On the local front, Kenanga Research’s Tan has named Inari Amertron Bhd and Kelington Group Bhd as his top picks within the sector.

He says Inari is showing signs of recovery quicker than its peers, with margins reaching optimum levels despite facing the same challenges as the rest of the players.

On Kellington, Tan justifies that the group possesses an order book of Rm1.8bil and a tender book of Rm2.3bil, providing earnings visibility.

Apex Securities’ Leong, on the other hand, identifies QES Group Bhd and Frontken Corp Bhd as his top picks within the sector.

He explains that QES, due to its diversification of customer segments beyond heavy reliance on the semiconductor industry, has positioned itself to mitigate risks during the semiconductor downturn and gain resilience in fluctuating markets compared to its peers.

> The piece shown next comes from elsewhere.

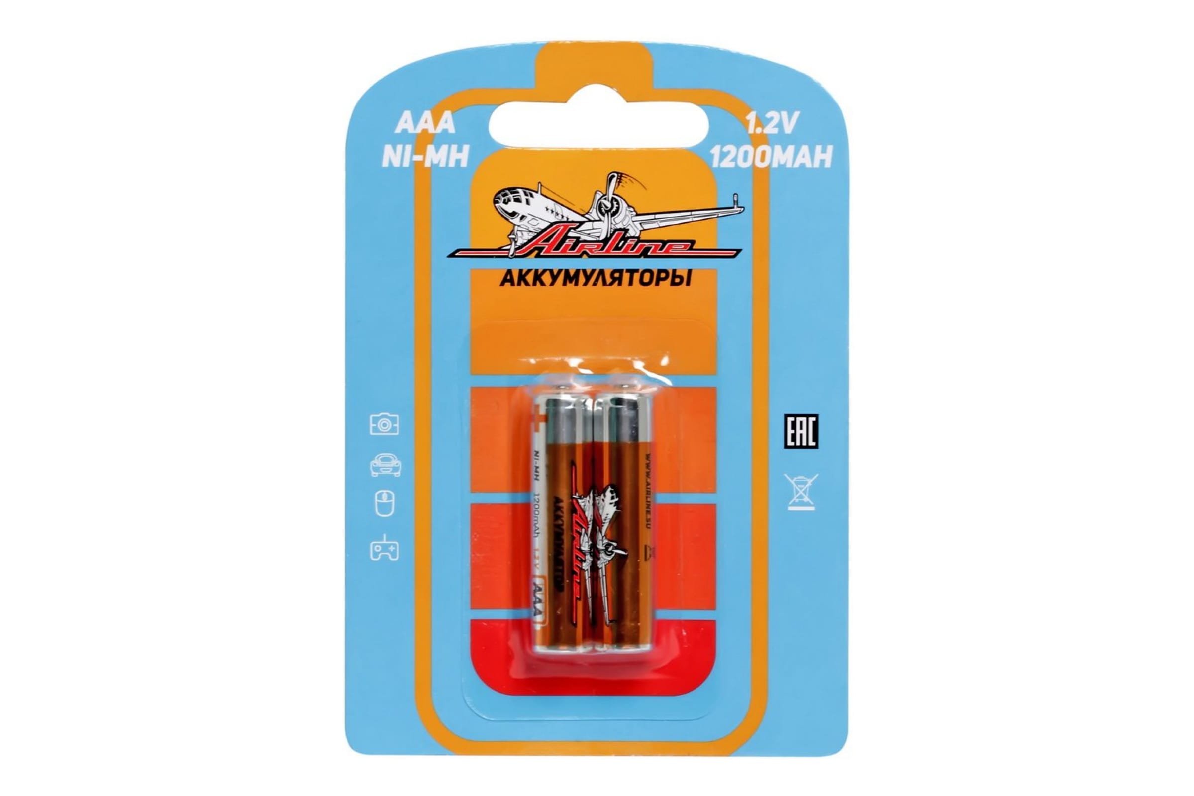 Аккумуляторные батарейки Airline AAA, HR03, Ni-Mh, 1200 mAh, 2шт. AAA-12-02

Regarding Frontken, he anticipates improving production volumes in the near future, mainly driven by advancements in artificial intelligence and electric vehicle technology.

“The group will also be implementing price adjustments in response to higher raw material prices.

“Additionally, with a greater contribution from Plant 2, which commenced operations in the first quarter of 2023 and mainly produces advanced nodes (five nanometers or nm, 3nm) commanding better average selling prices, an improved utilisation rate is expected in the coming months,” he says.